В смысле, целовалась десятки раз, просто не так.

А так она никогда не целовалась.

У неё точная, похожая на заученную формулу техника: коснуться, прижаться, чуть приоткрыть рот, провести языком по губам, словно варенье слизываешь, подцепить им верхний ряд зубов, скользнуть по дёснам, отклониться, давая каждому момент для выдоха, - вся эта техника летит к чертям.

Разбивается о чужую жадность.

Крошится под нахрапом влажного, подвижного языка.

И теперь поцелýю подойдёт определение «текуче», «глубоко» или даже «размашисто», но у процесса нет единого алгоритма – в этом весь алгоритм.

– Что ты сказал? – Когда они прерываются, Виктория вполне отчётливо слышит «я не должен».

– Я молчал, - у него осоловелые, в хорошем смысле воспалённые зрачки, расширенные от возбуждения. Всё он ей должен теперь, звиняйте! – Рот, знаешь ли, был занят, Уокер!

– Никогда так не делала, - а теперь, когда шорты липнут к взмокшему лобку, как-то глупо давать заднюю. Потом спишет всё на алкоголь и на красноглазое обаяние; залакирует мыслью, что под выбившейся рубашкой отнюдь не пряжка размером с якорь пряталась; и будет жить дальше.

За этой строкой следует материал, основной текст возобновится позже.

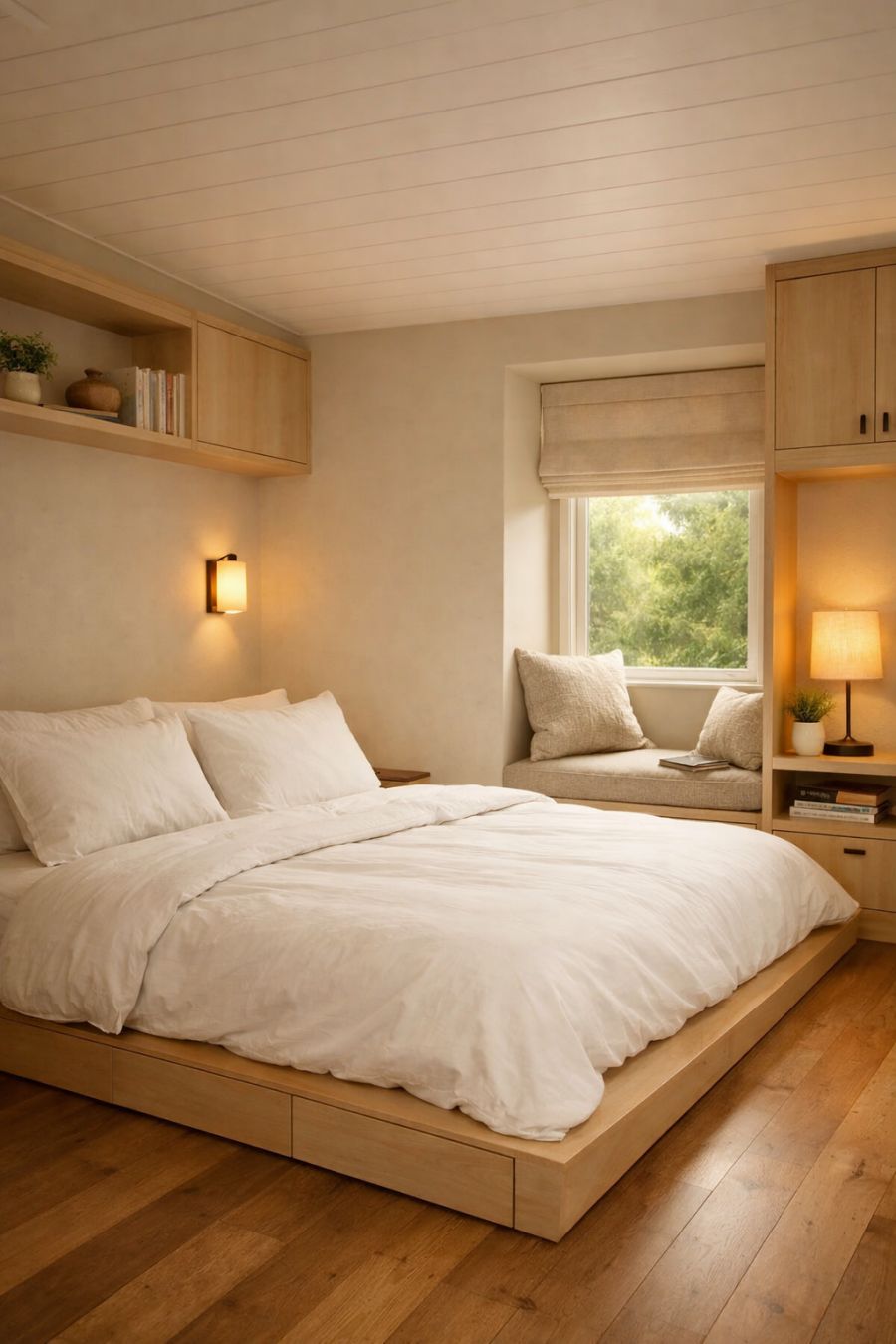 In the bedroom, simplicity meets serenity, with a design that prioritizes comfort and tranquility. A low-slung platform bed with crisp white linens serves as the focal point, surrounded by walls painted in soothing neutral tones. Built-in storage solutions ensure that the space remains clutter-free, while a small reading nook by the window offers a peaceful escape. Soft lighting and minimal decor complete the room, making it an ideal retreat for rest and relaxation.

– Честно говоря, - однофамилец не просто впечатлён, он в восхищении, - я тоже.

– Тогда я разденусь.

– Не стóит.

– Стои́т, - недвусмысленный взгляд в район его паха.

– У меня могут быть проблемы.

– Из-за твоей подружки?

– В некотором смысле.

– Что ж, - Вики молниеносно дёрнулась к ширинке и потянула молнию. А потом так резво дёрнула его джинсы вниз, что те сползли вместе с бельём. – Когда узнает, можешь соврать ей, что я связала тебя и изнасиловала.